Я сунул руку в один карман — нет ключа, в другой — тоже, в кармане для часов ничего, кроме часов, не было. Ловко!
— Ключ забыл. Должно быть, в новых шароварах остался… Фу, свинство какое!
— Рохля, тетенька. Ну что ж, кража со взломом, дело — пустяк.
Он вытащил штык, подошел к двери и продел его было сквозь шейку нового медного замка, висевшего в кольцах. Мне стало жалко замка.
— Постой, можно ведь и через окно.
— А сетка?
— Сетку отдерем, долго ли?
— Валяй!
Мы обошли барак, отодрали с одной стороны окна сетку, загнули ее и полезли. Москаленко первым. Но так как он был толст и притом плотен, то удалось ему это с большим трудом, да и порванная сетка мешала — царапала руки. Я его слегка подсадил; когда он проводил сквозь окно наиболее широкую часть своей фигуры и застрял, я не удержался от искушения, стащил со штыка ножны и со вкусом смазал ими Москаленко.

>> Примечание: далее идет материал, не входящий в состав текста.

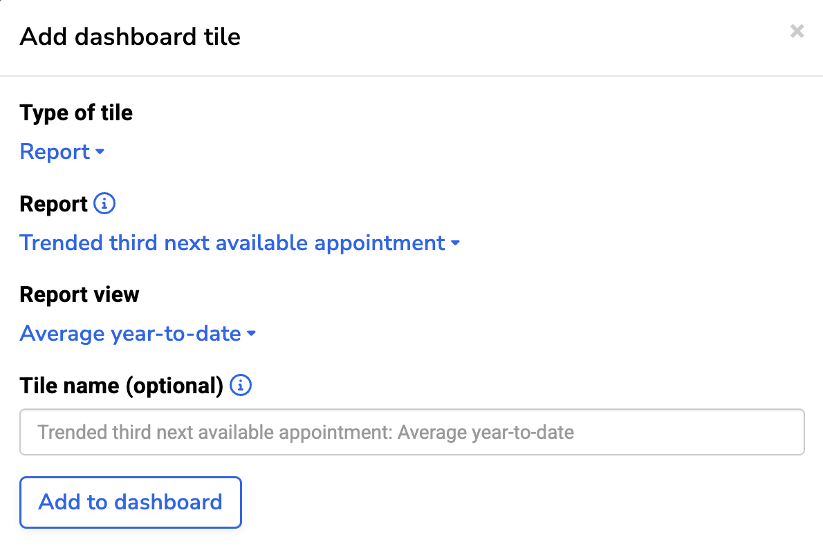 Report tiles display a single view from a “Published” or “Published (hidden)” report. You can set parameters specific to the tile or link them to a shared Dashboard Parameter for consistency across the Dashboard.

Средство помогло: Москаленко отчаянно заболтал ногами, сказал басом: «Халява, чего дерешься!» и исчез за окном. Я пролез легко и так как надвинул предусмотрительно на лицо фуражку, то ожидавший меня щелчок и пришелся по фуражке, а не по лбу. Предусмотрительность эту я, впрочем, от Москаленко скрыл.
Зажгли лампу.
Теперь надо как можно точнее описать внутренность барака. Против окна с продранной сеткой — дверь на замке: верхняя часть двери, стеклянная, была завешена кисейной занавеской. Справа и слева сплошные дощатые стенки, пол тоже дощатый. Вдоль левой (если стоять лицом к окну) стенки стояла прочная железная кровать с тонким, как войлок, слежавшимся тюфяком и узкой длинной подушкой. Кровать упиралась изголовьем в угол у окна, перед окном, касаясь боком кровати, стоял небольшой столик. Вдоль правой стенки, ближе к дверям, лежал туго набитый соломой сенник, под столом валялся маленький продавленный чемодан, а на столе горела тусклая длинношеяя фаянсовая лампа с длинным круглым фитилем.
Я достал из чемодана белье, постлал себе и Москаленко постель и, отстегнув ремешок, стал раскатывать шинель, которая служила мне одеялом. Москаленко сел на сенник и принялся, отдуваясь, стаскивать сапоги.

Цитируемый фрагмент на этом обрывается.